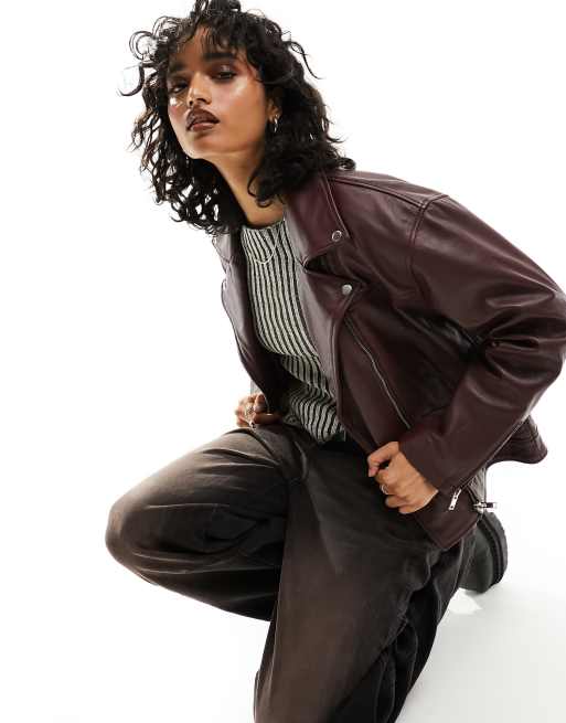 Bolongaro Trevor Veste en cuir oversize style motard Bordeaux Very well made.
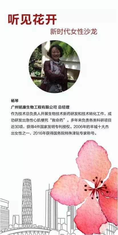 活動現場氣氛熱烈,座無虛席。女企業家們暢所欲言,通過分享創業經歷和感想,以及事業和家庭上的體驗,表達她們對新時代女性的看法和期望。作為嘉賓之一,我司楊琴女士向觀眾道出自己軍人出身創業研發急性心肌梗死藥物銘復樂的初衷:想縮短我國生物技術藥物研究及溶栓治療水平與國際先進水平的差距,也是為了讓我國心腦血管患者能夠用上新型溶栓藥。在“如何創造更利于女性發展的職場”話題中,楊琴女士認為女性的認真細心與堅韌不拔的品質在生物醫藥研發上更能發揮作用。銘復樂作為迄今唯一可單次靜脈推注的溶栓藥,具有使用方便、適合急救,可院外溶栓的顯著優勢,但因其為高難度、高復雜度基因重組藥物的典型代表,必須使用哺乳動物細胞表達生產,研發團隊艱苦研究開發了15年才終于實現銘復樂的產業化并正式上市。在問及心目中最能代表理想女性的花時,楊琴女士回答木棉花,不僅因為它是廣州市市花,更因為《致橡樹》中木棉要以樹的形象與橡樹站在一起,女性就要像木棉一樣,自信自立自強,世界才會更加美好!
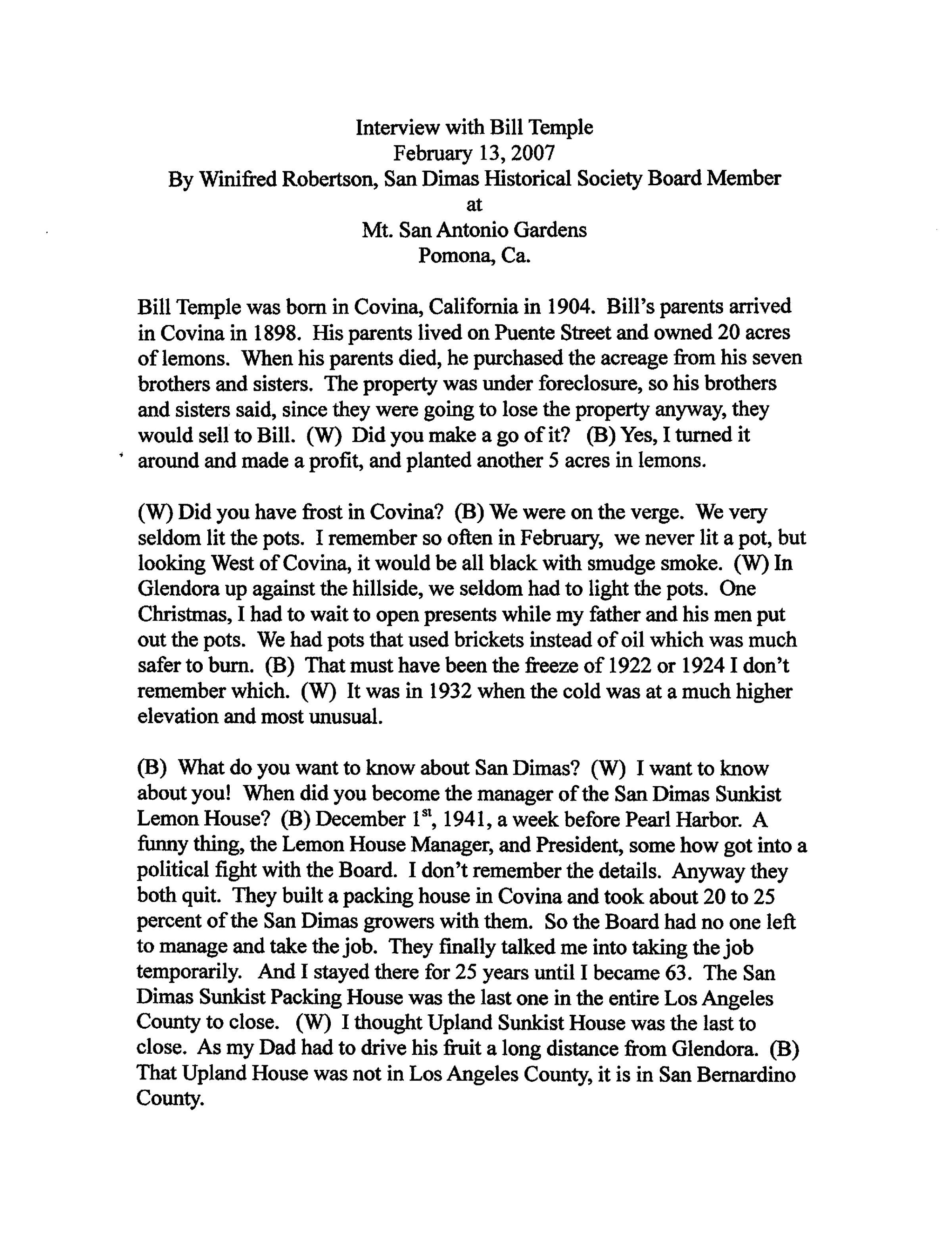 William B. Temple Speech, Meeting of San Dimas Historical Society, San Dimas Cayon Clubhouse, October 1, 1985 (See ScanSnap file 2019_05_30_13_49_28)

* * *

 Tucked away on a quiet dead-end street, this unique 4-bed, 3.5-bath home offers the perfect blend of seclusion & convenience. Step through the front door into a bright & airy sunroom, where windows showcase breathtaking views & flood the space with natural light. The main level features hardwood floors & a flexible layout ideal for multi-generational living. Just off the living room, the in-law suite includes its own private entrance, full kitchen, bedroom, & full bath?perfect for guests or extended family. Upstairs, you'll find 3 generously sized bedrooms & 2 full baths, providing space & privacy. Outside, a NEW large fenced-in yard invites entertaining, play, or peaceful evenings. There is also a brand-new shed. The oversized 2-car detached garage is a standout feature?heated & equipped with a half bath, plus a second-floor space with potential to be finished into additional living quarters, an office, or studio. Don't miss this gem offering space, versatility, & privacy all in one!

* * *

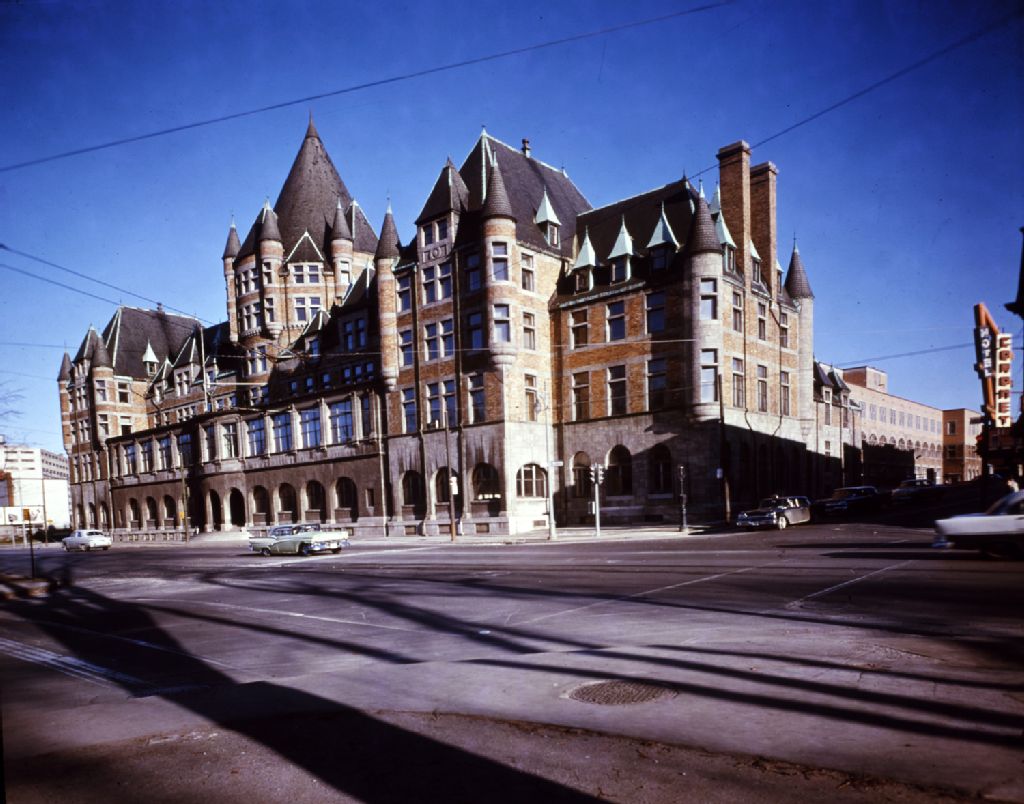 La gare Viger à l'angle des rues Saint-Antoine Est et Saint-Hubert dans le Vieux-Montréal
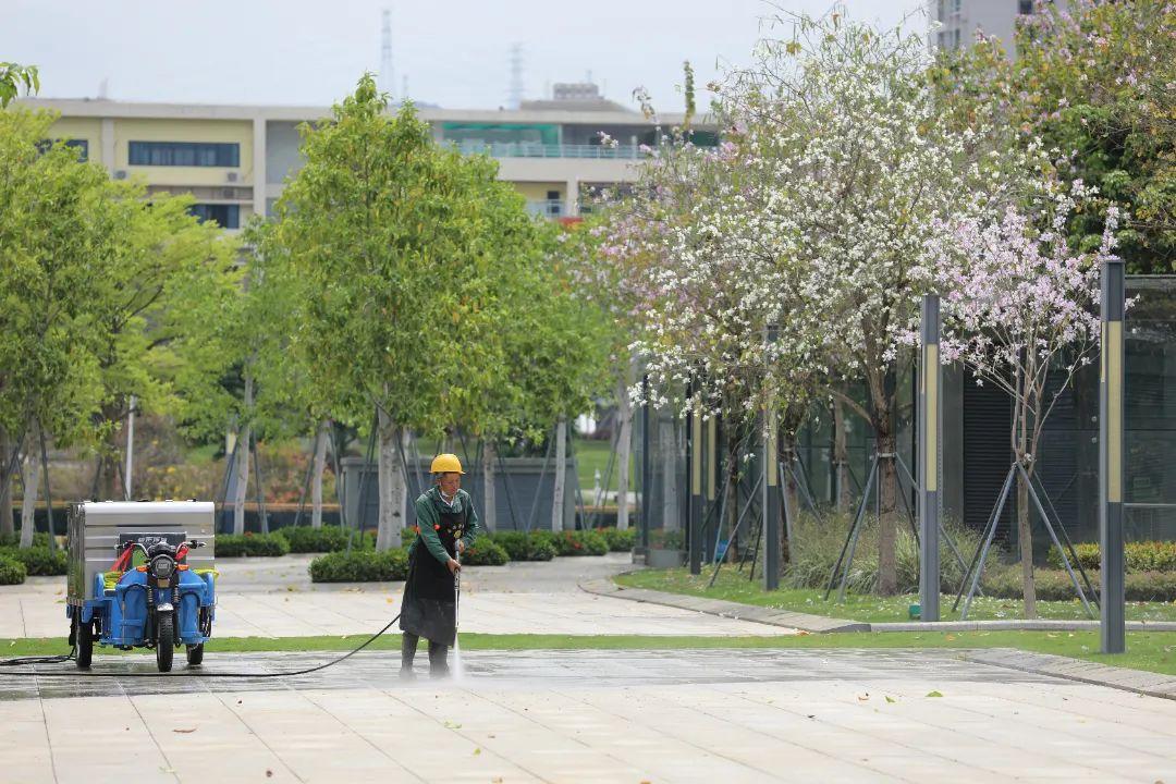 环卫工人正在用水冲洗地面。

▶ [Exercise]: What you write out is the stretch of entries from the line containing "Bolongaro Trevor Veste" to the line containing "William B. Temple", word for word, with both end lines and no pictures.

▶ [Response area]:
 Bolongaro Trevor Veste en cuir oversize style motard Bordeaux Very well made.
 活動現場氣氛熱烈,座無虛席。女企業家們暢所欲言,通過分享創業經歷和感想,以及事業和家庭上的體驗,表達她們對新時代女性的看法和期望。作為嘉賓之一,我司楊琴女士向觀眾道出自己軍人出身創業研發急性心肌梗死藥物銘復樂的初衷:想縮短我國生物技術藥物研究及溶栓治療水平與國際先進水平的差距,也是為了讓我國心腦血管患者能夠用上新型溶栓藥。在“如何創造更利于女性發展的職場”話題中,楊琴女士認為女性的認真細心與堅韌不拔的品質在生物醫藥研發上更能發揮作用。銘復樂作為迄今唯一可單次靜脈推注的溶栓藥,具有使用方便、適合急救,可院外溶栓的顯著優勢,但因其為高難度、高復雜度基因重組藥物的典型代表,必須使用哺乳動物細胞表達生產,研發團隊艱苦研究開發了15年才終于實現銘復樂的產業化并正式上市。在問及心目中最能代表理想女性的花時,楊琴女士回答木棉花,不僅因為它是廣州市市花,更因為《致橡樹》中木棉要以樹的形象與橡樹站在一起,女性就要像木棉一樣,自信自立自強,世界才會更加美好!
 William B. Temple Speech, Meeting of San Dimas Historical Society, San Dimas Cayon Clubhouse, October 1, 1985 (See ScanSnap file 2019_05_30_13_49_28)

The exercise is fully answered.